▶ DATASET EXTRACT:
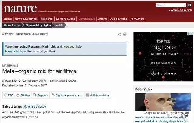 二月初,国际权威学术期刊《自然》刊登了米兰milan官方网站教授王博及其团队成功将金属有机骨架化合物(MOFs)材料应用于空气过滤、净化与治理等方面的成果。这篇名为《金属有机合物在空气过滤领域的应用(Metal–organic mix for air filters)》的论文指出,通过将能够大规模生产的MOFs材料薄膜应用在空气过滤装置中,可有效过滤PM2.5,净化空气。经过实验室检测,在室温下,该种材料能够有效地将空气中的PM2.5和PM10污染物降低99.5%。
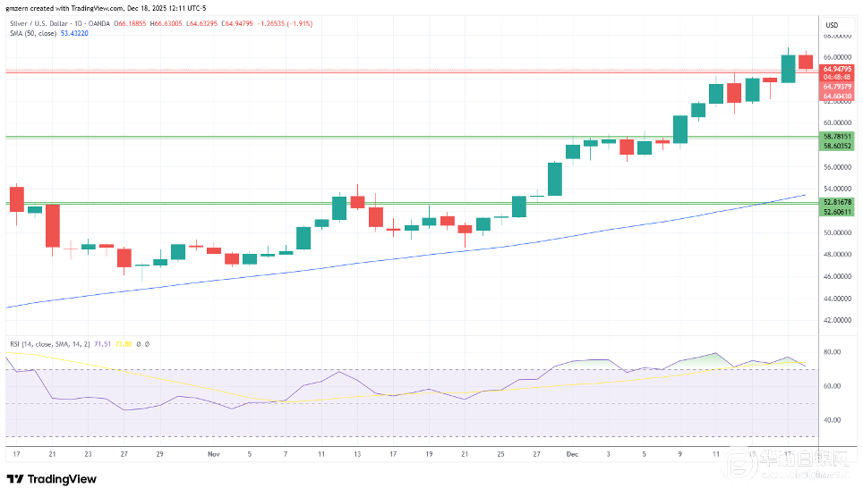 银价回落至65.00美元下方,因交易商在历史高点附近了结了部分获利。
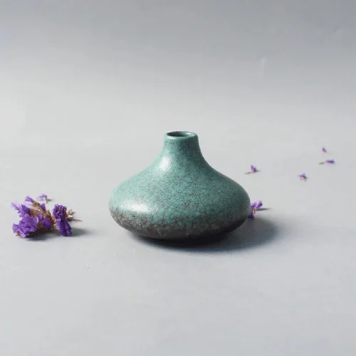 The vase showcases a refined two-tone gradient glaze—opening in a calm, muted teal blue at the rim and плавно drifting into a rich brownish-plum base. This natural transition reflects a sky-to-earth harmony that adds warmth, depth, and visual balance to any surface. Its rustic, handcrafted pottery texture paired with a matte finish enhances its artisanal character and tactile appeal.

▶ WHAT YOU SHOULD DO:
The answer is the whole listing retyped exactly, with pictures omitted.

▶ TASK OUTPUT:
 二月初,国际权威学术期刊《自然》刊登了米兰milan官方网站教授王博及其团队成功将金属有机骨架化合物(MOFs)材料应用于空气过滤、净化与治理等方面的成果。这篇名为《金属有机合物在空气过滤领域的应用(Metal–organic mix for air filters)》的论文指出,通过将能够大规模生产的MOFs材料薄膜应用在空气过滤装置中,可有效过滤PM2.5,净化空气。经过实验室检测,在室温下,该种材料能够有效地将空气中的PM2.5和PM10污染物降低99.5%。
 银价回落至65.00美元下方,因交易商在历史高点附近了结了部分获利。
 The vase showcases a refined two-tone gradient glaze—opening in a calm, muted teal blue at the rim and плавно drifting into a rich brownish-plum base. This natural transition reflects a sky-to-earth harmony that adds warmth, depth, and visual balance to any surface. Its rustic, handcrafted pottery texture paired with a matte finish enhances its artisanal character and tactile appeal.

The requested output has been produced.